> Work request: Everything in the data below except the pictures must be repeated word for word.

> Available data:
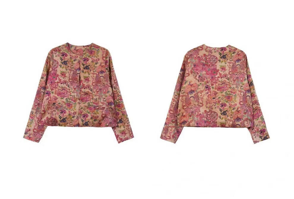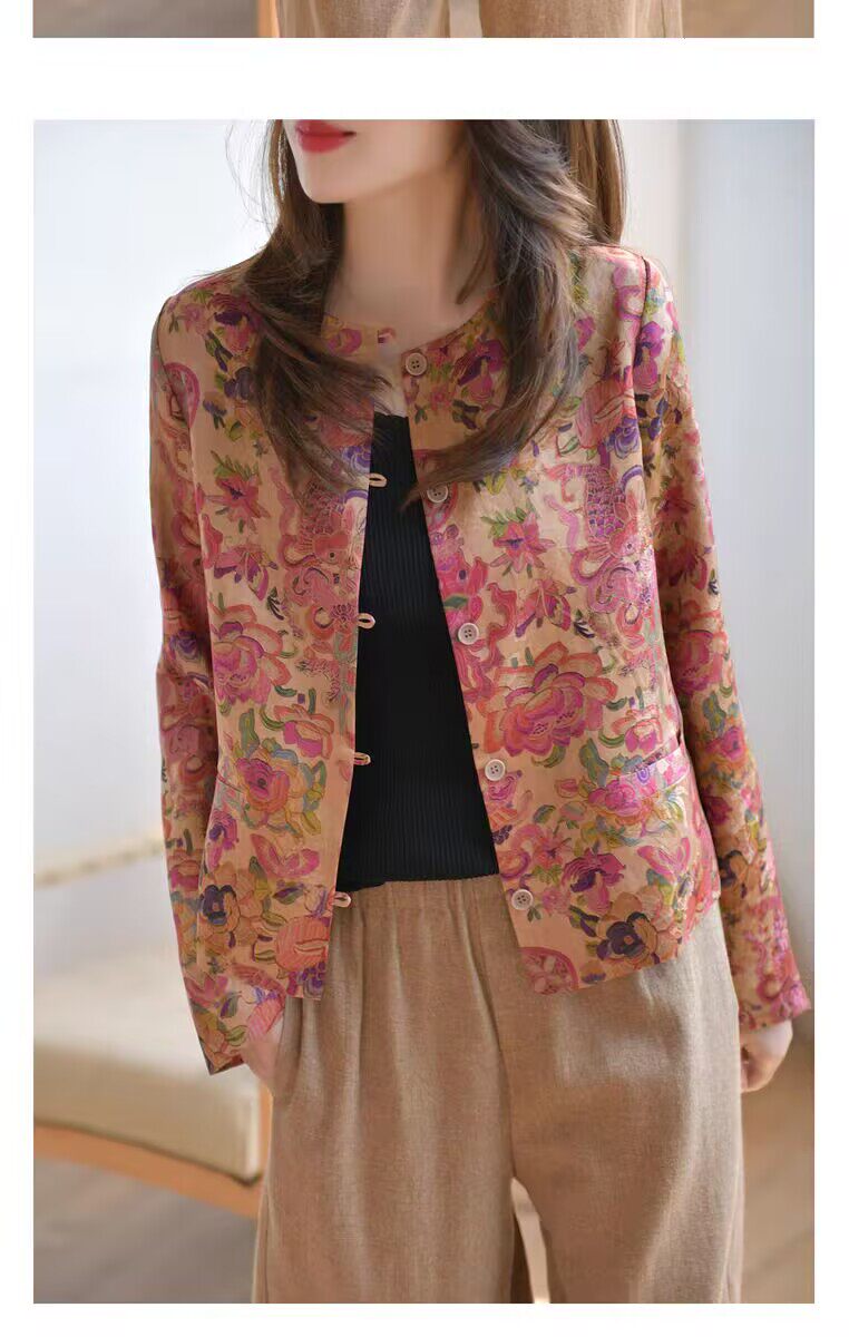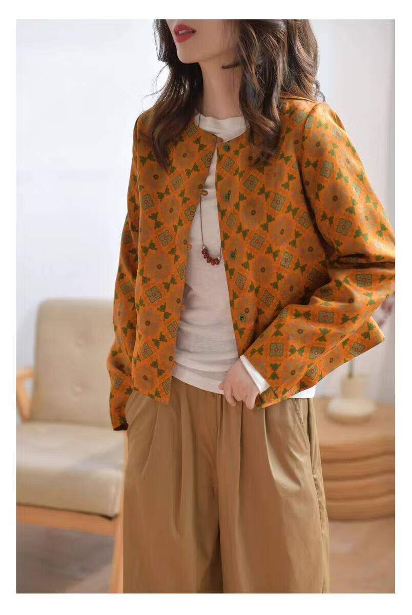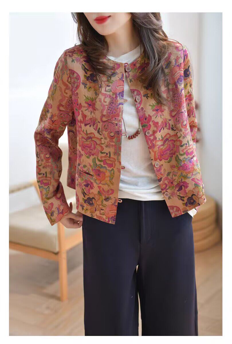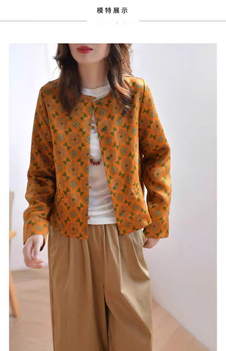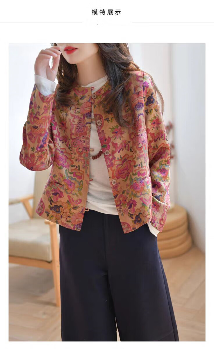MODX轻奢感国风印花短款外套女秋季新款气质宽松减龄外搭开衫上衣 花色 M 【建议100斤以内】
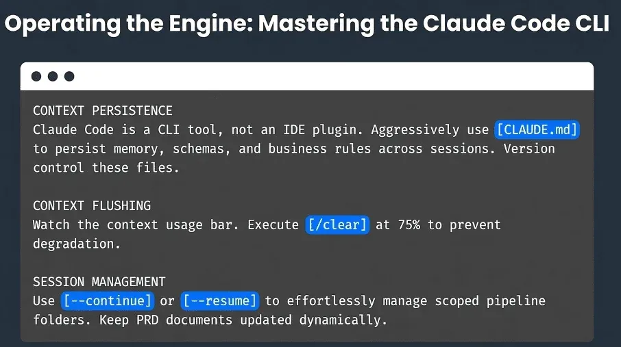 Context management is a skill you will develop quickly. Watch the context usage bar in the CLI, and use /clear when it reaches 75%. Organize your work into one session per folder, grouped by topic or pipeline stage. When you need to resume, the fastest path is claude —continue to pick up the last session instantly, or claude —resume to browse and select from named sessions. For longer-running agent workflows, create a PRD (planning document) in the folder; ask Claude to update it as work progresses. A well-maintained PRD is structured knowledge, not just chat history, and it is what allows a teammate or a fresh Claude session to step in without losing ground.
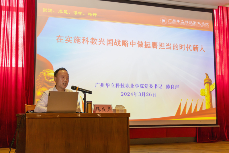 3月26日下午,学校党委书记陈良声走进云浮校区图书馆一楼报告厅思政课堂,以“在实施科教兴国战略中做挺膺担当的时代新人”为题,为云浮校区师生讲授了一堂精彩的思政课。党委副书记、副校长高尧来,马克思主义学院教师、党委办公室和云浮校区党务干部参加听课。
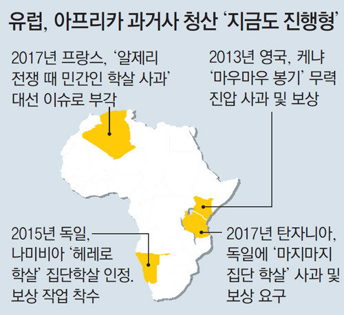 영국 정부도 2013년 처음으로 1950년대 케냐에서 벌어진 ‘마우마우 봉기’를 무력 진압한 것에 사과하며 케냐인 5228명에게 1990만 파운드(약 280억 원)를 보상했다. 이후 후손 4만 명이 보상을 요구해 소송 중이다. 프랑스는 에마뉘엘 마크롱 후보가 최근 132년간의 알제리 식민 통치 시절 민간인 학살에 대해 사과의 뜻을 밝혔다가 우파 진영으로부터 국가정체성이 모호하다는 비판을 받는 등 유럽 국가 모두 식민 시절 과거사 청산은 현재도 ‘뜨거운 감자’다. 이미 100년이 훌쩍 넘은 일이지만 역사는 쉽게 지워지지 않고 꼬리표처럼 따라다니고 있는 셈이다.

> Output below:
MODX轻奢感国风印花短款外套女秋季新款气质宽松减龄外搭开衫上衣 花色 M 【建议100斤以内】
 Context management is a skill you will develop quickly. Watch the context usage bar in the CLI, and use /clear when it reaches 75%. Organize your work into one session per folder, grouped by topic or pipeline stage. When you need to resume, the fastest path is claude —continue to pick up the last session instantly, or claude —resume to browse and select from named sessions. For longer-running agent workflows, create a PRD (planning document) in the folder; ask Claude to update it as work progresses. A well-maintained PRD is structured knowledge, not just chat history, and it is what allows a teammate or a fresh Claude session to step in without losing ground.
 3月26日下午,学校党委书记陈良声走进云浮校区图书馆一楼报告厅思政课堂,以“在实施科教兴国战略中做挺膺担当的时代新人”为题,为云浮校区师生讲授了一堂精彩的思政课。党委副书记、副校长高尧来,马克思主义学院教师、党委办公室和云浮校区党务干部参加听课。
 영국 정부도 2013년 처음으로 1950년대 케냐에서 벌어진 ‘마우마우 봉기’를 무력 진압한 것에 사과하며 케냐인 5228명에게 1990만 파운드(약 280억 원)를 보상했다. 이후 후손 4만 명이 보상을 요구해 소송 중이다. 프랑스는 에마뉘엘 마크롱 후보가 최근 132년간의 알제리 식민 통치 시절 민간인 학살에 대해 사과의 뜻을 밝혔다가 우파 진영으로부터 국가정체성이 모호하다는 비판을 받는 등 유럽 국가 모두 식민 시절 과거사 청산은 현재도 ‘뜨거운 감자’다. 이미 100년이 훌쩍 넘은 일이지만 역사는 쉽게 지워지지 않고 꼬리표처럼 따라다니고 있는 셈이다.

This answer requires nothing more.